* Excerpted data:
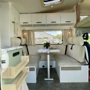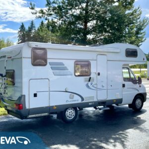 Fridge, Roof hatch, Central heating, Stove, Engine heater, Hot water boiler, Sun shade, Power steering, Freezer compartment, Sink, Bicycle rack, Shower, Electric heating cartridge, Trumatic, Ignition interlock, Double bed, Radio, Turbo, Two tyre sets
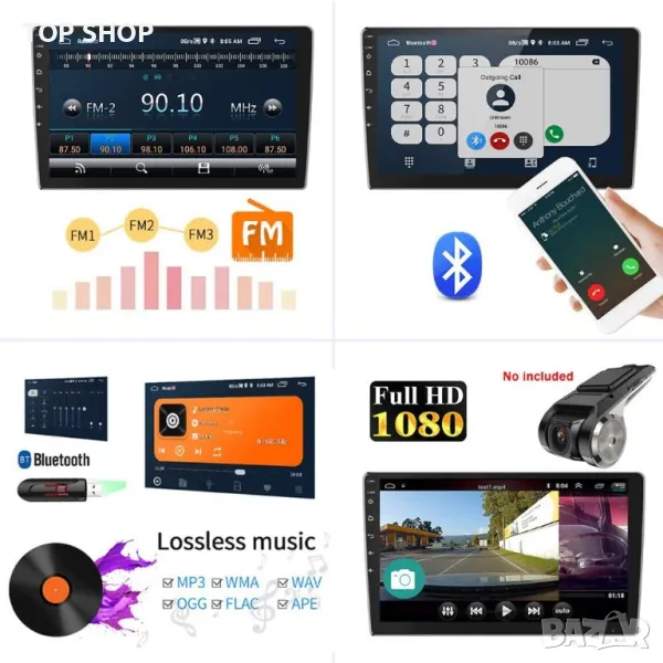 Радио за кола с Bluetooth FM: главно устройство с Android с Bluetooth, можете да провеждате разговори със свободни ръце и да възпроизвеждате безжична музика, когато сте сдвоени с вашия телефон. Цифрово FM радио за слушане на любима станция за прогноза за времето, новини и токшоута.
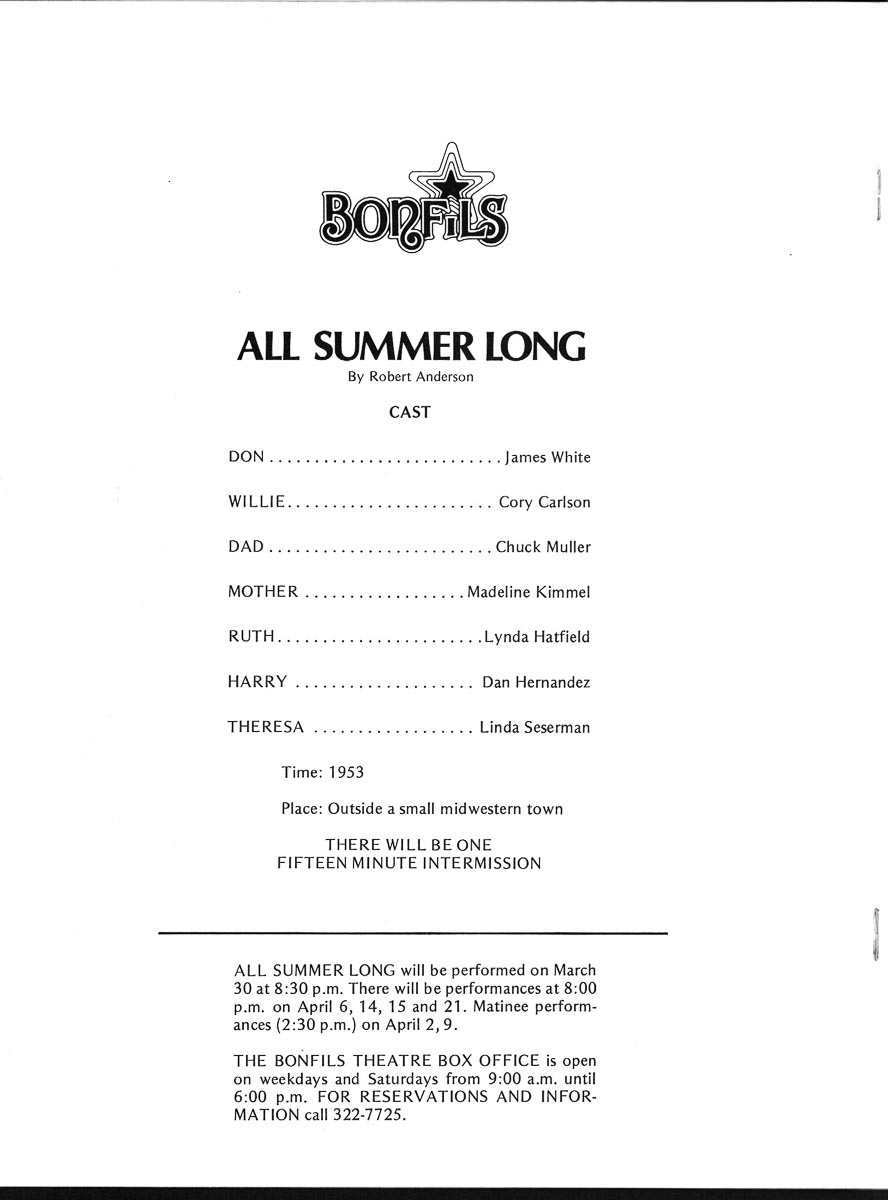 Many wonderful community performers donated their time to stand on a stage that was surrounded with professional staff who provided top-notch sets, props, costumes, lighting and sound. While not all shows were a smashing success, many were favorably reviewed and well attended. It was a unique platform for amateurs to hone their skills in the best possible environment. From the opening performance of “Green Grow the Lilacs” in 1953 to the closing of “A Christmas Carol” in 1985, there were 231 Main Stage productions.
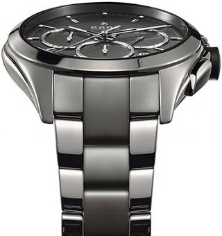 رنگ خاکستری و فوق‌العاده زیبای ساعت، سازگاری کامل با پوست، محکم و کاملا ضدخش‌بودن از ویژگی‌های بارز این ساعت لوکس و سرامیکی هستند که با رنگ‌های ثانوی نظیر رنگ مشکی کلیدها و تاج کوک و صفحه‌ی نوک‌مدادی، ترکیبی کلاسیک و همه‌پسند را پدید آورده‌اند. علاوه‌بر بدنه، شیشه‌ای که وظیفه‌ی محافظت از صفحه را دارد، با استحکام قابل‌توجهی همراه است. این شیشه از جنس سافایر یا یاقوت بوده و دربرابر هرگونه خط و خش کاملا مقاوم است. روی صفحه اولین چیزی که جلب‌توجه می‌کند، سه شمارشگر مربوط به کرنوگراف از جمله ثانیه‌شمار، دقیقه‌شمار و یک ساعت‌شمار است. بین موقعیت ساعت چهار و پنج هم یک تاریخ‌شمار کارآمد و ظریف تعبیه شده است. این تاریخ‌شمار شماره‌ی روز ماه را با ارقام مشکی‌رنگ و مینیاتوری روی پس‌زمینه‌ای روشن نمایش می‌دهد که کاملا خوانا و جذاب دیده می‌شوند. عقربه‌های اصلی هم با ابعادی مطلوب و به صورت شب‌تاب طراحی شده‌اند و عقربه‌ای سوزنی و نقره‌ای آن‌ها را همراهی می‌کند که در کنار ظرافت عقربه‌های زمان‌سنج، ترکیب لوکس و جذابی را پدید آورده‌اند. یکی دیگر از موارد قابل‌توجه در طراحی صفحه، پاندول یا المان لنگرشکلی بوده که در بالای صفحه تعبیه شده است. این پاندول مینیاتوری در بالای صفحه هم‌زمان با حرکت چرخ‌دنده‌های ساعت حرکت می‌کند که در نوع خود بسیار جذاب و جالب به نظر می‌رسد.
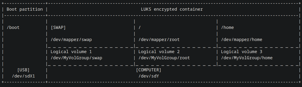 A single LUKS container will be used. Within the container, there will be a LVM (Logical Volume Manager) volume group with three volumes: root, home, swap. LVM is chosen here over conventional partitions, since it solves most of its shortcomings and adds flexibility.
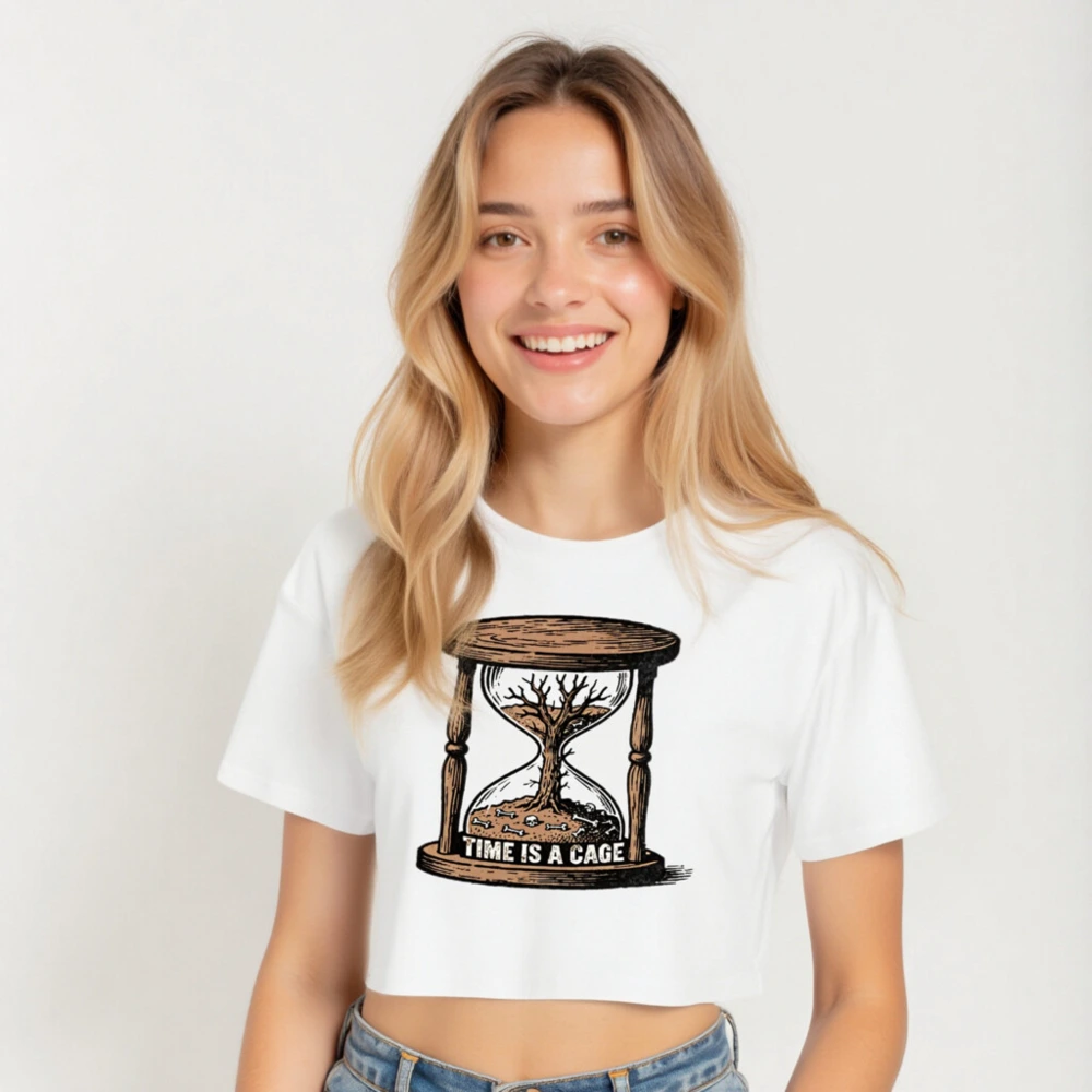 Women’s Crop Top – Time Is a Cage Hourglass Design, Short Sleeve, Comfort Fit
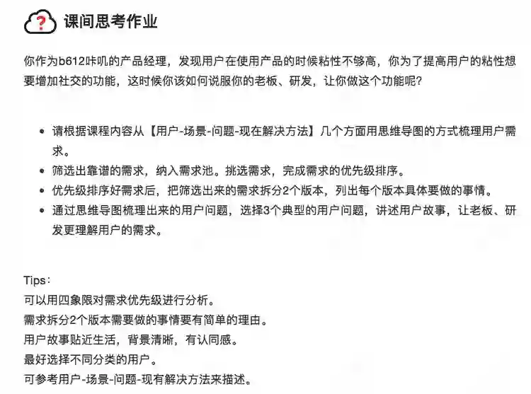 我们在课程中的每个章节下,都设置了相应的实战训练作业,这些作业均来自一线互联网公司的真实案例,会在最大程度上与真实工作场景相切合,希望能借此帮大家更好的掌握产品人的诸多能力。在这里,不妨直接拿出产品P2课程“需求分析”这一章节的作业,供大家参考——
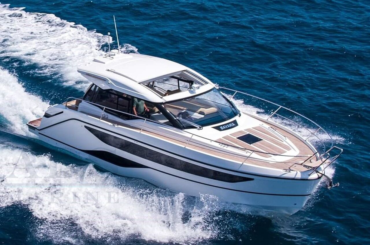 Motorbåden Bavaria SR 38 HT fremvises som en moderne hardtop-cruiser med fokus på komfort og brugervenlighed.
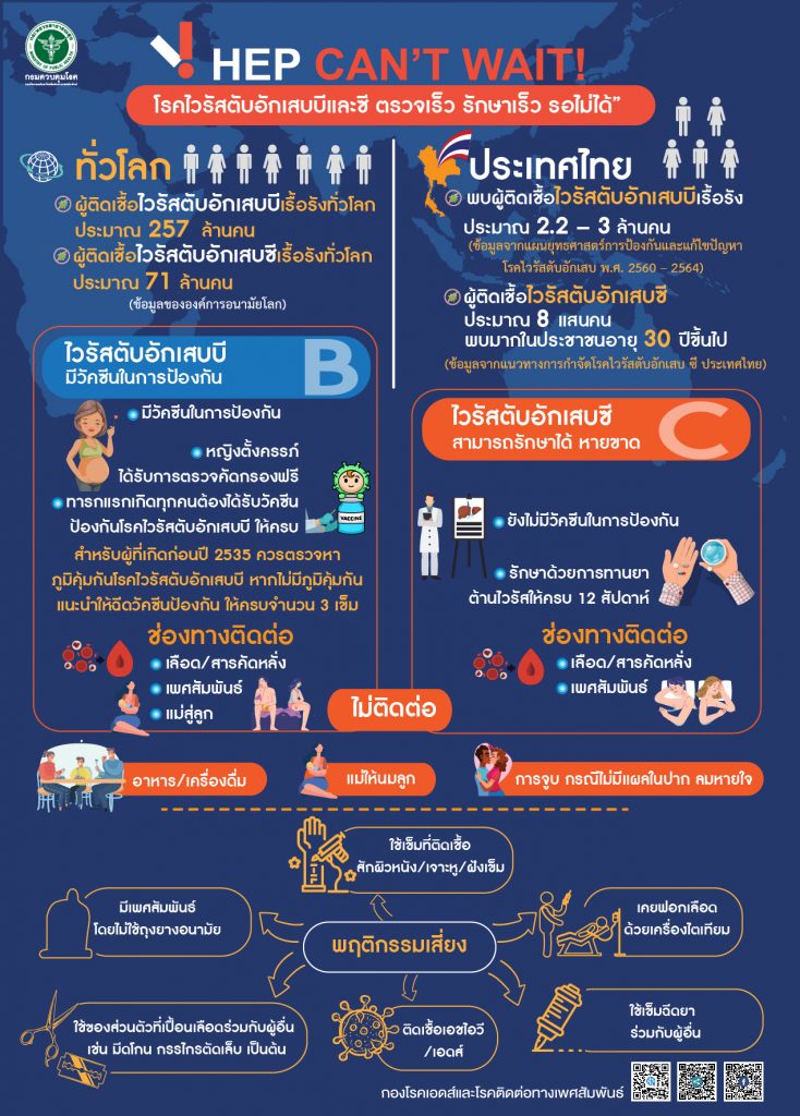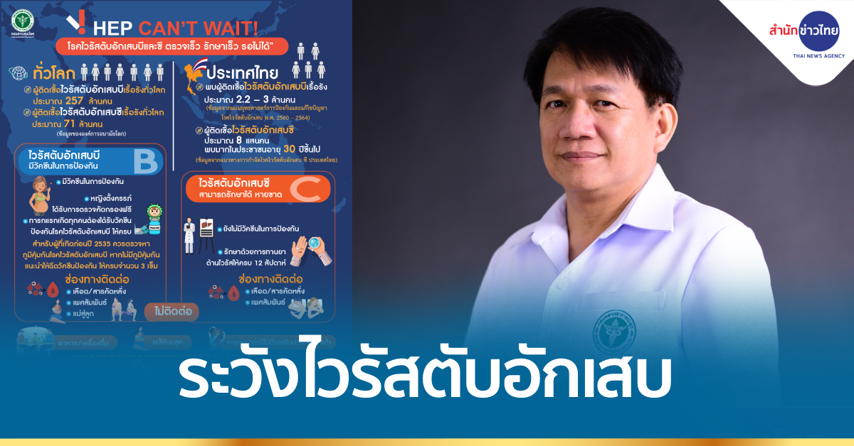 กรมควบคุมโรค กระทรวงสาธารณสุข เตือนประชาชนระวังภัยเงียบจากการติดเชื้อไวรัสตับอักเสบบีและซี ซึ่งสามารถถ่ายทอดเชื้อสู่ผู้อื่นได้ และนำไปสู่ภาวะตับแข็งหรือมะเร็งตับได้ โดยโรคดังกล่าวยังเป็นปัญหาสำคัญในประเทศไทยและในระดับนานาชาติ หากประชาชนมีพฤติกรรมเสี่ยงขอให้เข้ารับบริการตรวจคัดกรองและรับการรักษาโดยเร็ว พร้อมตั้งเป้ากำจัดโรคไวรัสตับอักเสบบีและซีให้หมดไปภายในปี 2573

* What needs to be done:
Give back an exact copy of only the lines from the one with "Women’s Crop Top" through the final line of the material, both included. Pictures do not belong in it.

* Completed task:
 Women’s Crop Top – Time Is a Cage Hourglass Design, Short Sleeve, Comfort Fit
 我们在课程中的每个章节下,都设置了相应的实战训练作业,这些作业均来自一线互联网公司的真实案例,会在最大程度上与真实工作场景相切合,希望能借此帮大家更好的掌握产品人的诸多能力。在这里,不妨直接拿出产品P2课程“需求分析”这一章节的作业,供大家参考——
 Motorbåden Bavaria SR 38 HT fremvises som en moderne hardtop-cruiser med fokus på komfort og brugervenlighed.
 กรมควบคุมโรค กระทรวงสาธารณสุข เตือนประชาชนระวังภัยเงียบจากการติดเชื้อไวรัสตับอักเสบบีและซี ซึ่งสามารถถ่ายทอดเชื้อสู่ผู้อื่นได้ และนำไปสู่ภาวะตับแข็งหรือมะเร็งตับได้ โดยโรคดังกล่าวยังเป็นปัญหาสำคัญในประเทศไทยและในระดับนานาชาติ หากประชาชนมีพฤติกรรมเสี่ยงขอให้เข้ารับบริการตรวจคัดกรองและรับการรักษาโดยเร็ว พร้อมตั้งเป้ากำจัดโรคไวรัสตับอักเสบบีและซีให้หมดไปภายในปี 2573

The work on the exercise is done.